5.             Le litige porte sur l'assujettissement de la recourante à l'AVS pour la période du 1er octobre 2017 au 31 juillet 2019, singulièrement sur le point de savoir si celle-ci a conservé ou non son domicile en Suisse, alors qu'elle a été détachée auprès de D______ en Afrique du Sud tout en demeurant employée de C______ durant la période considérée.

6.             Le litige, quand bien même il présente un caractère transfrontalier, doit être tranché au regard des normes du droit suisse en matière d'AVS exclusivement, dans la mesure où il n'existe pas de convention bilatérale de sécurité sociale entre la Suisse et l'Afrique du Sud (voir également consid. 8 ci-dessous).

7.             L'art. 1a al. 1 let. a LAVS prévoit l'affiliation obligatoire à l'assurance-vieillesse et survivants des personnes physiques qui sont domiciliées en Suisse et qui n'y exercent pas d'activités lucratives (arrêt du Tribunal fédéral 9C_914/2008 du 31 août 2009 consid. 4).

7.1 Selon l'art. 13 al. 1 LPGA, le domicile d'une personne est déterminé selon les art. 23 à 26 du Code civil suisse du 10 décembre 1907 (CC - RS 210).

7.2 Aux termes de l'art. 23 CC (dans sa teneur en vigueur depuis le 1er janvier 2013), le domicile de toute personne est au lieu où elle réside avec l’intention de s’y établir; le séjour dans une institution de formation ou le placement dans un établissement d’éducation, un home, un hôpital ou une maison de détention ne constitue en soi pas le domicile (al. 1).
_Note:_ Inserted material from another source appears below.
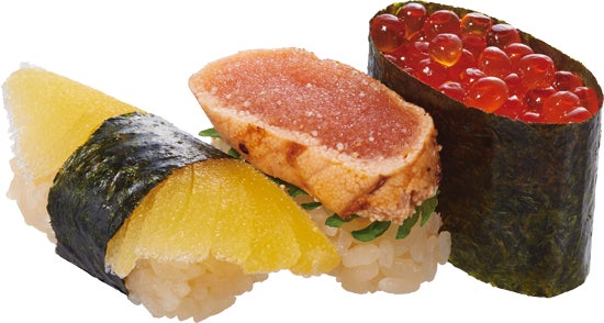 今回のフェアでは北海道産のこだわりの天然ネタをお客様に心ゆくまでご堪能いただきたく、「いくら醤油漬け軍艦」をはじめとして「真いわし」や「羅臼産真いか」、「つぶ貝」など10種以上の商品をご用意いたしました。

Nul ne peut avoir en même temps plusieurs domiciles (al. 2).

7.2.1 La notion de domicile comporte deux éléments : l'un objectif, la résidence, soit un séjour d'une certaine durée dans un endroit donné et la création en ce lieu de rapports assez étroits; l'autre, l'intention d'y résider, soit de se fixer pour une certaine durée au lieu de sa résidence qui doit être reconnaissable pour les tiers et donc ressortir de circonstances extérieures et objectives. Cette intention implique la volonté manifestée de faire d'un lieu le centre de ses relations personnelles et professionnelles. Le domicile d'une personne se trouve ainsi au lieu avec lequel elle a les relations les plus étroites, compte tenu de l'ensemble des circonstances. Le lieu où les papiers d'identité ont été déposés ou celui figurant dans des documents administratifs, comme des attestations de la police des étrangers, des autorités fiscales ou des assurances sociales constituent des indices qui ne sauraient toutefois l'emporter sur le lieu où se focalise un maximum d'éléments concernant la vie personnelle, sociale et professionnelle de l'intéressé (ATF 136 II 405 consid. 4.3).

L'obtention d'une autorisation de séjour ou d'établissement de la part de la police des étrangers n'est pas un critère décisif pour déterminer si une personne s'est valablement constitué un domicile au sens du droit civil (arrêt du Tribunal fédéral 9C_675/2014 du 11 août 2015 consid. 4.3 et les références). L'indication du domicile figurant dans des décisions judiciaires ou des publications officielles constitue également des indices (ATF 125 III 100 consid. 3 et la référence).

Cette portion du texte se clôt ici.